Thermal acclimation of leaf photosynthetic traits in an evergreen woodland, consistent with the coordination hypothesis

Ecosystem models commonly assume that key photosynthetic traits, such as carboxylation capacity measured at a standard temperature, are constant in time. The temperature responses of modelled photosynthetic or respiratory rates then depend entirely on enzyme kinetics. Optimality considerations, however, suggest this assumption may be incorrect. The "coordination hypothesis" (that Rubisco- and electron-transport-limited rates of photosynthesis are co-limiting under typical daytime conditions) predicts, instead, that carboxylation (V-cmax ) capacity should acclimate so that it increases somewhat with growth temperature but less steeply than its instantaneous response, implying that V-cmax when normalized to a standard temperature (e.g. 25 degrees C) should decline with growth temperature.

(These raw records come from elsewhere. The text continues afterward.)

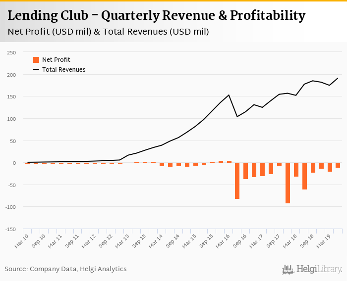 Lending Club made a net profit of USD -10.7 mil under revenues of USD 191 mil in the second quarter of 2019, up 82.5% and 7.81% respectively when compared to the same period last year.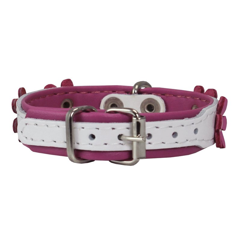 Real Leather Daisy Flowers Dog Collar (White/Pink, 10.75"-12" Neck; 5/8" Wide)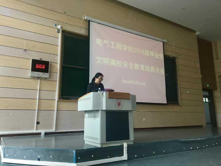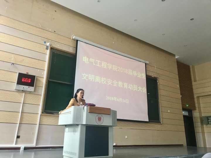 6月14日中午1点,必赢766net手机版2018届毕业生文明离校安全教育动员大会在我校东区西楼105DT报告厅召开。必赢766net手机版党委书记李庆华、副院长刘敏、学生科科长苟敏、教学科研科科长胡浩、辅导员陈倩、苏阳以及全体2018届毕业班同学参加大会,辅导员陈倩担任此次大会主持。
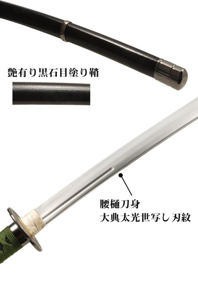 | 〔刀身〕腰樋刀身 〔刃紋(刃文)〕大典太光世写し刃紋 〔鞘(さや)〕艶有り黒石目塗り鞘 〔鍔(つば)〕地紋木工鍔 〔縁・頭・目貫(めぬき)〕無地半太刀金具、竜図目貫 |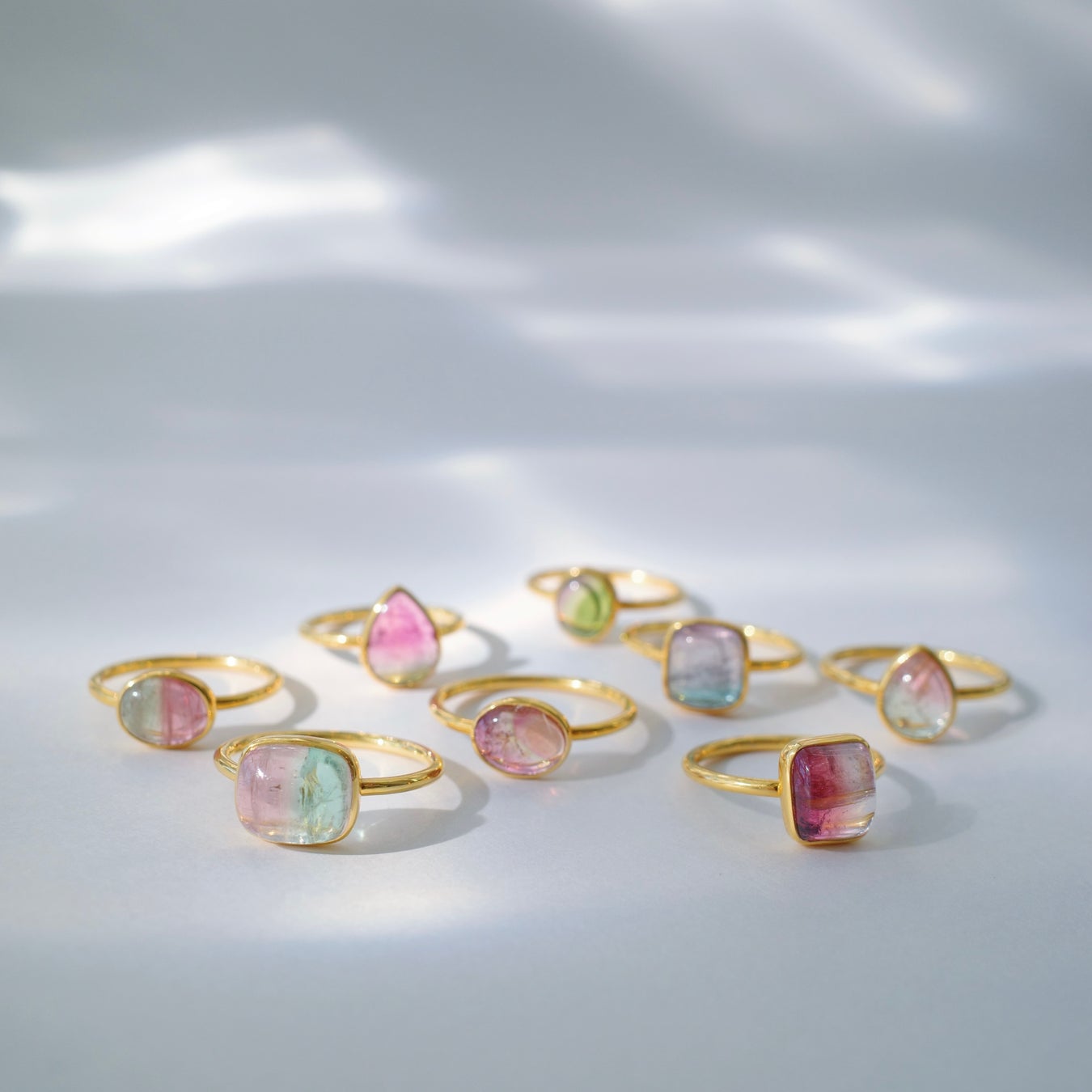 その美しい情景を彷彿とさせるようなバイカラートルマリンを、色や形の異なる1点もののリングに仕上げました。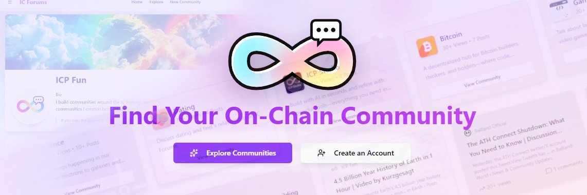 Fully on-chain community building app on #ICP. Find your NEW on-chain community and home on the Internet Computer | https://icforums.xyz/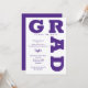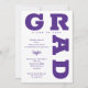 GRAD in fett lila Schriftzeichen rund um die Ränder dieser weißen Hintergrund Graduation Party Einladungen. SIEHE GANZE SAMMLUNG von vorgefertigten Farbkombinationen, Papier-Teller, Servietten, Gunst-Boxen und Graduierungsparty Einladungen in unserem Shop.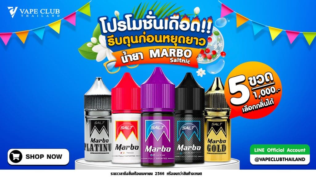 Marbo saltnic น้ำยาซอลนิคที่ใครหลายคนเลือกใช้ น้ำยาMarbo saltnic นำเข้าจากมาเลเซีย นิโคตินจัดเต็ม ถูกใจสายสูบแน่นอน ความจุน้ำยา 30 ml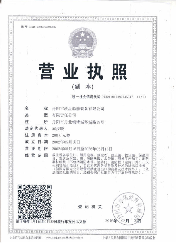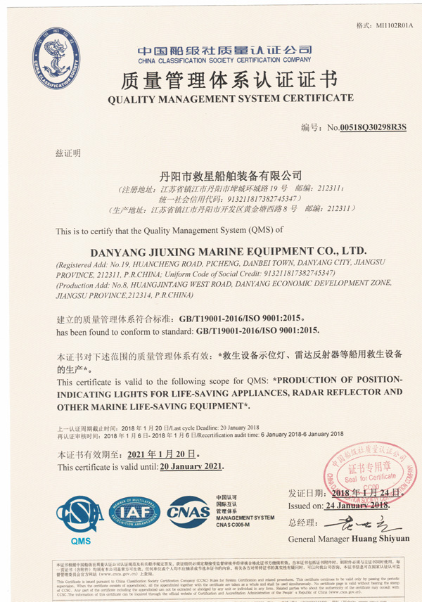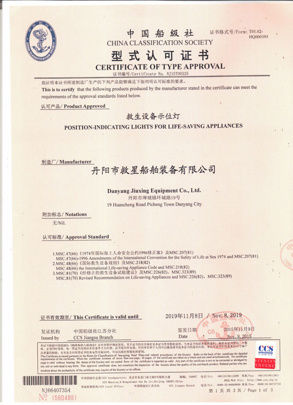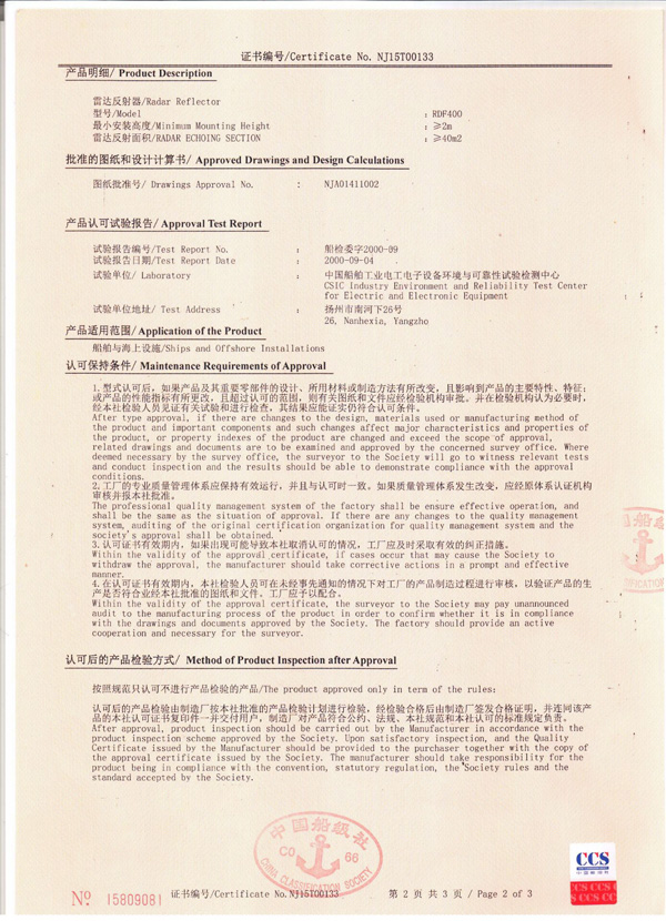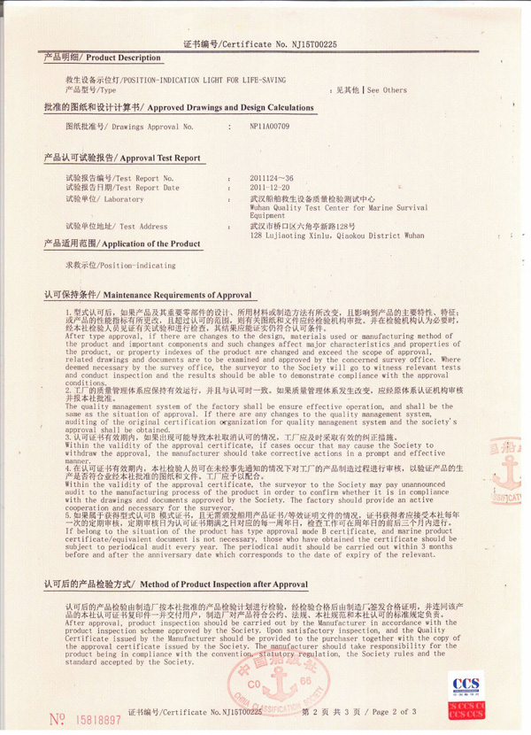 丹陽市救星船舶裝備有限公司為丹陽市船舶救生照明設(shè)備廠子公司,主要生產(chǎn)救生設(shè)備示位燈、雷達(dá)反射器、引航員軟梯、登乘梯等產(chǎn)品。其中救生設(shè)備示位燈采用國際上最先進(jìn)的科學(xué)技術(shù)、生產(chǎn)工藝,優(yōu)質(zhì)材料制造,各項(xiàng)技術(shù)指標(biāo)超過國際先進(jìn)水平,完全滿足國際最新標(biāo)準(zhǔn)。2012年元月取得“CCS”型式認(rèn)可證書,并具有歐共體“EC”證書。另外本公司制造的RDF400雷達(dá)反射器還獲得了實(shí)用新型專利。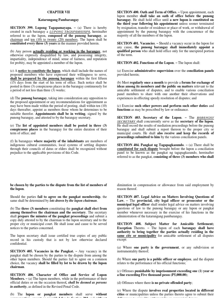 of this Code. The Department of the Interior and Local (f) Disputes involving parties who actually reside in barangays of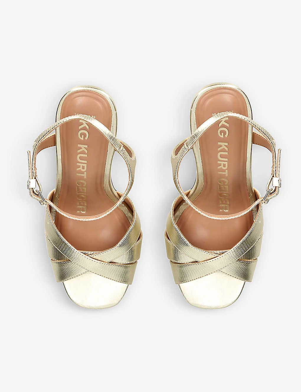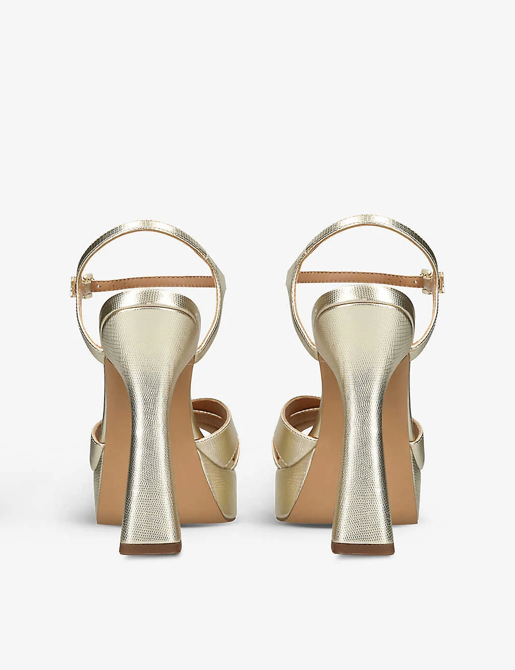 - Open round toe, adjustable ankle strap, branded placket on buckle, cross strap design at front, all-over snake-embossed effect, gold tone hardware, block heel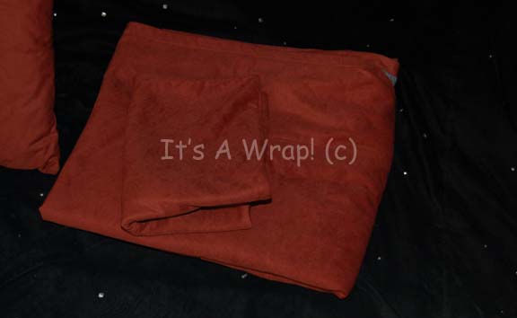 Description: A lot of extremely soft and comfortable pillow coverings, a matching fitted mattress covering, and three pillows appearing in the Star Trek: Enterprise episode “A Night In Sickbay” on the bed of “Captain Archer” (Scott Bakula). The fabric is beautiful, rich, maroon colored synthetic micro suede with a gray wool-like interior lining. The pillow cases are Velcro seamed on their reverse and plush, one being soft and thick, the others allowing for compression. The bed covering is fitted to the mattress used on the bed and measures approx. 84 X 69 inches.

With additional assumptions, similar predictions can be made for electron-transport capacity (J(max) ) and mitochondrial respiration in the dark (R-dark). To explore these hypotheses, photosynthetic measurements were carried out on woody species during the warm and the cool seasons in the semi-arid Great Western Woodlands, Australia, under broadly similar light environments. A consistent proportionality between V-cmax and J(max) was found across species. V-cmax , J(max) and R-dark increased with temperature in most species, but their values standardized to 25 degrees C declined. The c(i) : c(a) ratio increased slightly with temperature. The leaf N : P ratio was lower in the warm season. The slopes of the relationships between log-transformed V-cmax and J(max) and temperature were close to values predicted by the coordination hypothesis but shallower than those predicted by enzyme kinetics.